◆ **Problem details**
Could you transcribe each entry below exactly, minus the images?

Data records
○ ○ ○
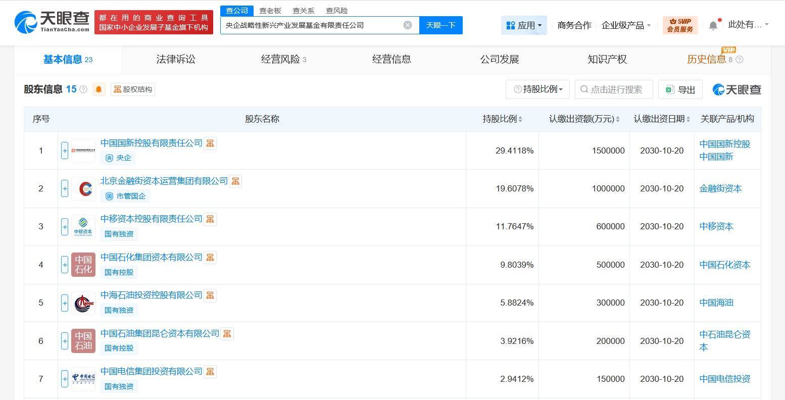 在此之前,今年10月,央企战新产业发展私募基金管理有限公司也已成立策利配资,注册资本1亿元。经营范围包含:私募股权投资基金管理、创业投资基金管理服务。出资股东包括中国国新、中国移动以及中国石油、中国石化和中国海油五家央企各自的资本投资平台。
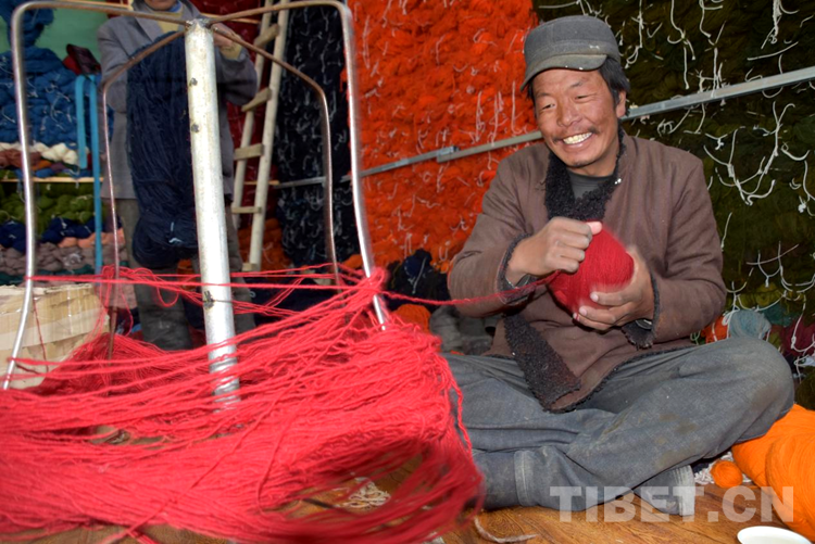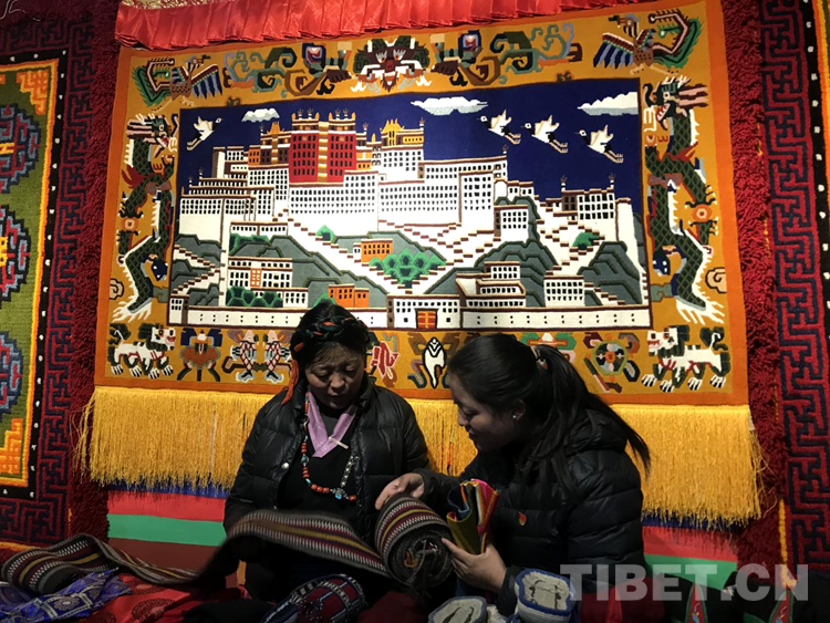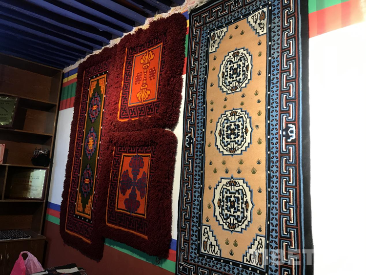 “剛到合作社每天工資160元,一個月下來就有小四千,一年收入妥妥的超3萬元。”說話間,巴頓也沒有歇下手中的活計。穿桿結(jié)扣,勤勞的雙手一直忙碌著,在合作社6年多,他已經(jīng)比較熟練地掌握了卡墊織法、色彩以及紋樣。如今,卡墊接活都是以承包方式,往往供不應(yīng)求,一家人住在裝修一新的藏式小院里,妻子現(xiàn)在也在參加合作社新員工培訓(xùn),四個孩子都進了公立學(xué)校讀書,享受了義務(wù)教育免費“三包”政策。
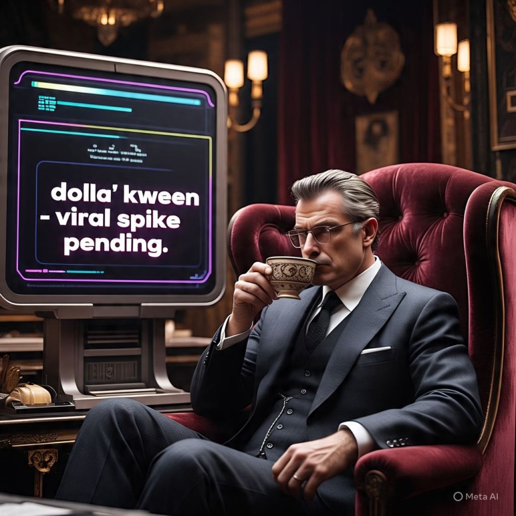 He sips again. A new name appears on the screen: “Dolla’ Kween – Viral Spike Pending.”
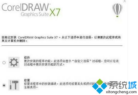 3、找到coreldraw x7,点击鼠标右键,打开卸载,在卸载界面,选中【修复】,打开下一步;
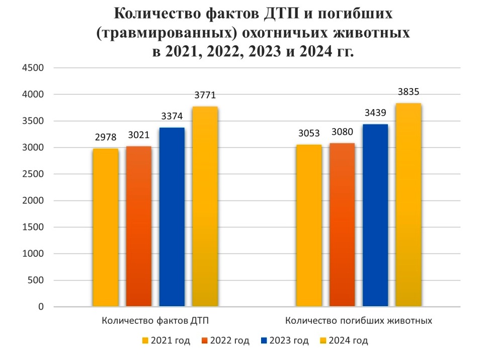 Дежурной службой Государственной инспекции с 2021 года ведется регистрация фактов ДТП с участием диких животных. Данная информация аккумулируется в электронной базе, анализируется и доводится всем заинтересованным госорганам и организациям. При этом сведения о фактах дорожно-транспортных происшествий и погибших (травмированных) диких животных за 2021, 2022, 2023 и 2024 гг. указывают на тенденцию существенного роста количества фактов ДТП в 2023 и 2024 годах.
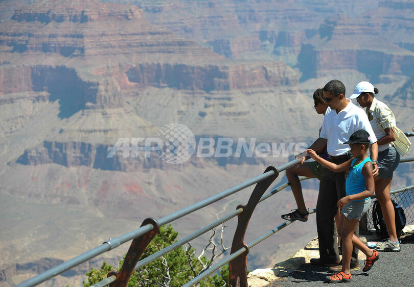【8月17日 AFP】バラク・オバマ(Barack Obama)米大統領は16日、ミシェル夫人(Michelle Obama)と2人の娘、マリア(Malia)さん、サーシャ(Sasha)ちゃんとともにアリゾナ(Arizona)州グランドキャニオン(Grand Canyon)国立公園を訪れ、大自然の絶景を堪能した。
○ ○ ○
◆ **Solution to this exercise**
 在此之前,今年10月,央企战新产业发展私募基金管理有限公司也已成立策利配资,注册资本1亿元。经营范围包含:私募股权投资基金管理、创业投资基金管理服务。出资股东包括中国国新、中国移动以及中国石油、中国石化和中国海油五家央企各自的资本投资平台。
 “剛到合作社每天工資160元,一個月下來就有小四千,一年收入妥妥的超3萬元。”說話間,巴頓也沒有歇下手中的活計。穿桿結(jié)扣,勤勞的雙手一直忙碌著,在合作社6年多,他已經(jīng)比較熟練地掌握了卡墊織法、色彩以及紋樣。如今,卡墊接活都是以承包方式,往往供不應(yīng)求,一家人住在裝修一新的藏式小院里,妻子現(xiàn)在也在參加合作社新員工培訓(xùn),四個孩子都進了公立學(xué)校讀書,享受了義務(wù)教育免費“三包”政策。
 He sips again. A new name appears on the screen: “Dolla’ Kween – Viral Spike Pending.”
 3、找到coreldraw x7,点击鼠标右键,打开卸载,在卸载界面,选中【修复】,打开下一步;
 Дежурной службой Государственной инспекции с 2021 года ведется регистрация фактов ДТП с участием диких животных. Данная информация аккумулируется в электронной базе, анализируется и доводится всем заинтересованным госорганам и организациям. При этом сведения о фактах дорожно-транспортных происшествий и погибших (травмированных) диких животных за 2021, 2022, 2023 и 2024 гг. указывают на тенденцию существенного роста количества фактов ДТП в 2023 и 2024 годах.
【8月17日 AFP】バラク・オバマ(Barack Obama)米大統領は16日、ミシェル夫人(Michelle Obama)と2人の娘、マリア(Malia)さん、サーシャ(Sasha)ちゃんとともにアリゾナ(Arizona)州グランドキャニオン(Grand Canyon)国立公園を訪れ、大自然の絶景を堪能した。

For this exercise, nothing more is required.